This week, there is a new detailed account of how Nigerian scammers are still able to snare victims and bleed them for months and even years. John Rempel, of Leamington, Canada, ultimately lost $150,000 after scam artists convinced him to send money from himself and relatives for over a year. In the process, he quit his job and traveled around the world for what is known as the Nigerian 419 scam.
Rempel was snared with the promise of $12.8 million in windfall funds — an irresistible prize that led him to not just give everything that he had but to borrow $55,000 from an uncle in Mexico and $60,000 from his parents.
He was hooked by scammers in July 2007 with an e-mail from a faux lawyer telling him that a client named David Rempel died in a 2005 bomb attack in London and wanted the money to go to a Rempel. Rempel explained that “It sounded all good so I called him. He sounded very happy and said God bless you.” Then came the little fees and deposits required to free up the money.

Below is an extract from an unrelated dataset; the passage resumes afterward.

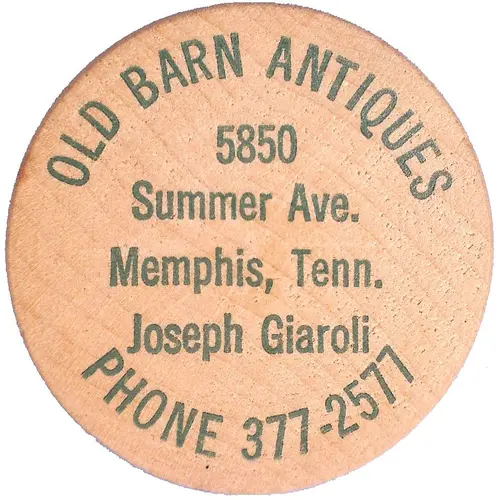 | Obverse lettering | OLD BARN ANTIQUES 5850 Summer Ave. Memphis, Tenn. Joseph Giaroli PHONE 377-2577 |

He was then asked to pay the taxes on the money (originally $250,000 and then mysteriously reduced to $25,000).
Getting money from an uncle in Mexico, he then flew to London. He met people who showed him a suitcase with $10.6 million in shrink-wrapped U.S. bills. Rempel wanted more proof. His new friends pulled out one bill and “cleansed” it with a liquid “formula,” which washed off some kind of stamp. Rempel was told that process made the money “legal tender.”

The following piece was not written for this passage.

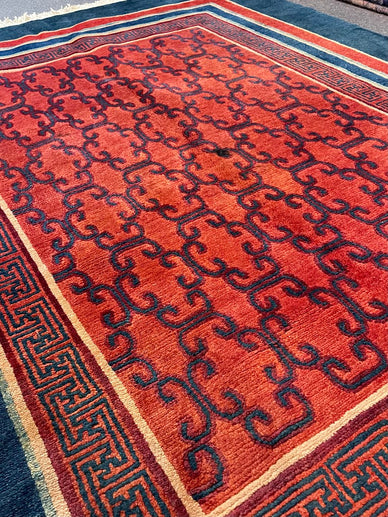 A Tibetan rug with a Khotanese design, all handwoven with 100% organic vegetable-dyed wool at our looms in Nepal, where we work directly with Tibetan refugees to continue the dying art of weaving. This is a 60-knot quality pile-knotted rug made with hand-spun, hand-carded, hand-combed wool. Measurements do not include the fringe length. This piece would be great in any living space.

They gave him the “formula,” but failed to show up to cleanse the rest of the money. Rempel then broke the bottle of magic formula and they told him that they would get him more, but that it would cost $120,000.

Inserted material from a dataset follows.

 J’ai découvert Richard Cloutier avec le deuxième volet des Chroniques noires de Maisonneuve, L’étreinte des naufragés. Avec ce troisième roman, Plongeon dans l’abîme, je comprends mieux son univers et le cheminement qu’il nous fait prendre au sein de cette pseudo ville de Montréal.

Money kept being demanded and sent by Rempel. Finally, the men claimed that they had been stopped at the airport in New York and needed $12,500 for a bribe. Finally, Rempel got wise and refused. Rempel, his parents and 10-year-old brother Ike drove to New York and searched the airport. To their disappointment, the men were not there.
What is striking about this account is that level of contact with these men. If Rempel can meet with these men and telephone them, why can’t our own investigators trap such scammers?
Recently, we learned of a woman who gave Nigerians $400,000 in such a scam. These stories show why these scammers need only to score in less than one percent of recipients of emails to make considerable money.